The article at a glance

Healx, a company that seeks breakthroughs for rare diseases through artificial intelligence, said it had secured $56 million in Series B financing, …

Healx, a company that seeks breakthroughs for rare diseases through artificial intelligence, said it had secured $56 million in Series B financing, led by venture capital firm Atomico and joined by Intel Capital, Global Brain and btov Partners. All previous investors also participated in the round.

Funding for rare diseases startup

The funding will be used to develop Healx’s therapeutic pipeline and to launch its global Rare Treatment Accelerator programme, developed in close partnership with patient communities to identify clinic-ready treatments for rare diseases within 24 months.

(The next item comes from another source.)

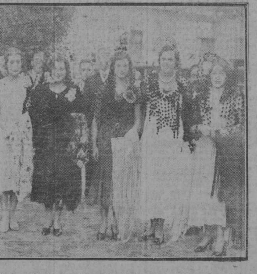
SAN SEBASTIAN. Las presidentas de la corrida de beneficencia

Precisamente estos "rayos de cobchán", esta haza de trapaculo, este orín místico y estas rosas moribundas que desde Chateaubriand acá, la poesía ha vertido sobre el paisaje, le dan un encanto mayor que aquellos que toca la aurora con sus dedos de rosa, mojada de rocío. La motivación de este poema parece haber sido la misma que siglos atrás había inspirado a nuestro poeta don fray Antón de Guebara su libro "Memorias de Cortes y alabanza de aldea". Está en la tradición y en la misma proyección visual que Bernardino de Saint Pierre y que Rousseau. Esta suerte de hombres, siempre retornan del campo contentos y felices y con un flor en la boca. El hombre del campo se afana en el trabajo en derredor suyo la felicidad, que es tanto más dulce cuanto más es compartida. Le bonheur le plus doux est celui que partage. Heureux ou malheureux l'homme a besoin d'autrui. Il ne vit qu'a moitié s'il ne vit que pour.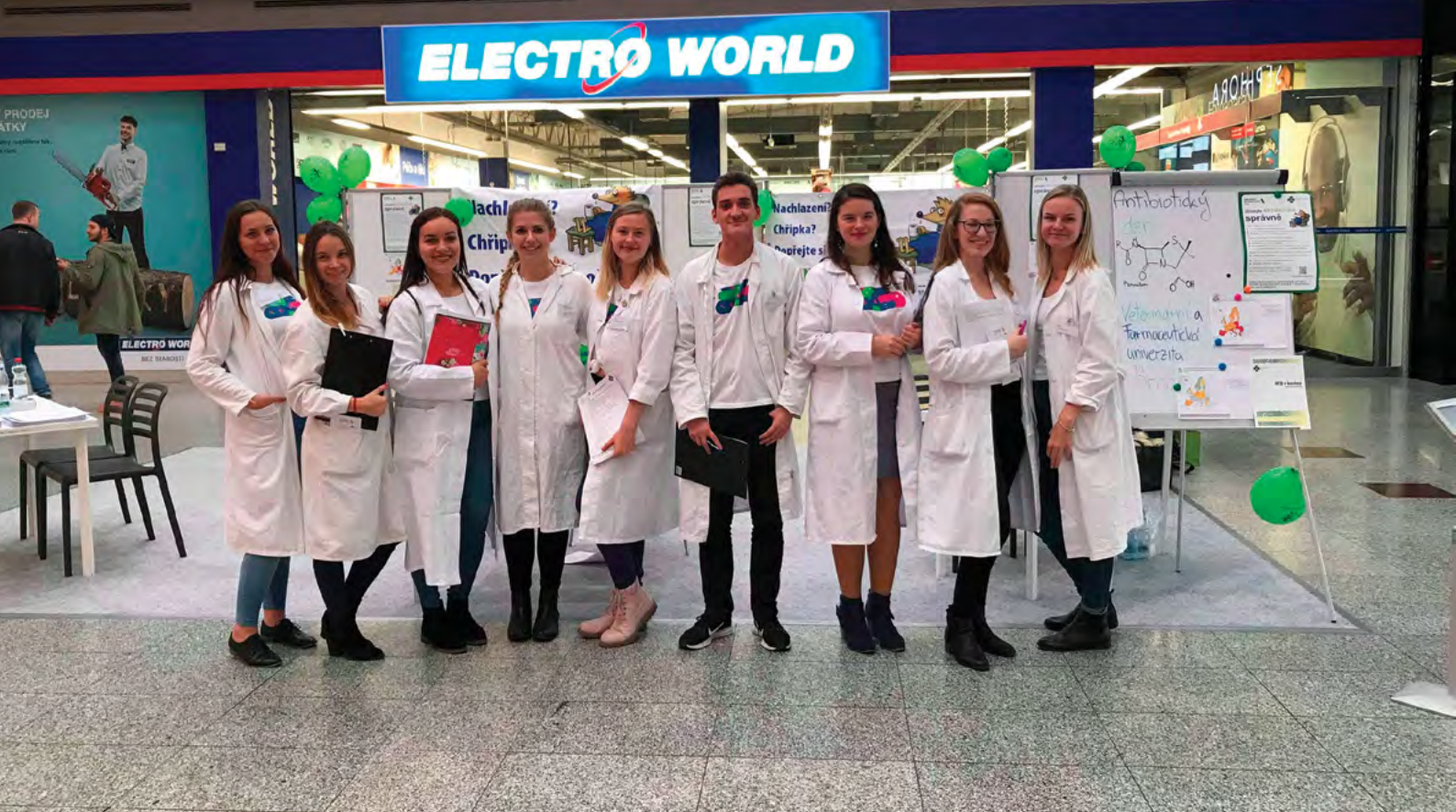
Studenti FaF v obchodním centru Olympia Brno při Antibiotickém dnu

Healx was previously on the Accelerate Cambridge programme run by the Entrepreneurship Centre at Cambridge Judge Business School. The company raised £10 million in a Series A funding round last year and is soon to launch clinical trials to test a multiple treatment combination for autism.

Co-founder and CEO Dr Tim Guilliams said: “The size of this Series B financing, especially this quickly after our Series A round last year, is an endorsement of the value of our platform and the pace at which we have developed. It allows us to scale our impact with the launch of our Rare Treatment Accelerator programme and to progress into clinical trials.”

Healx aims to advance 100 rare disease treatments towards the clinic by 2025. According to Dr Guilliams, there are 7,000 rare diseases known today that affect around 400 million patients worldwide, with around 95 per cent of them without approved treatments.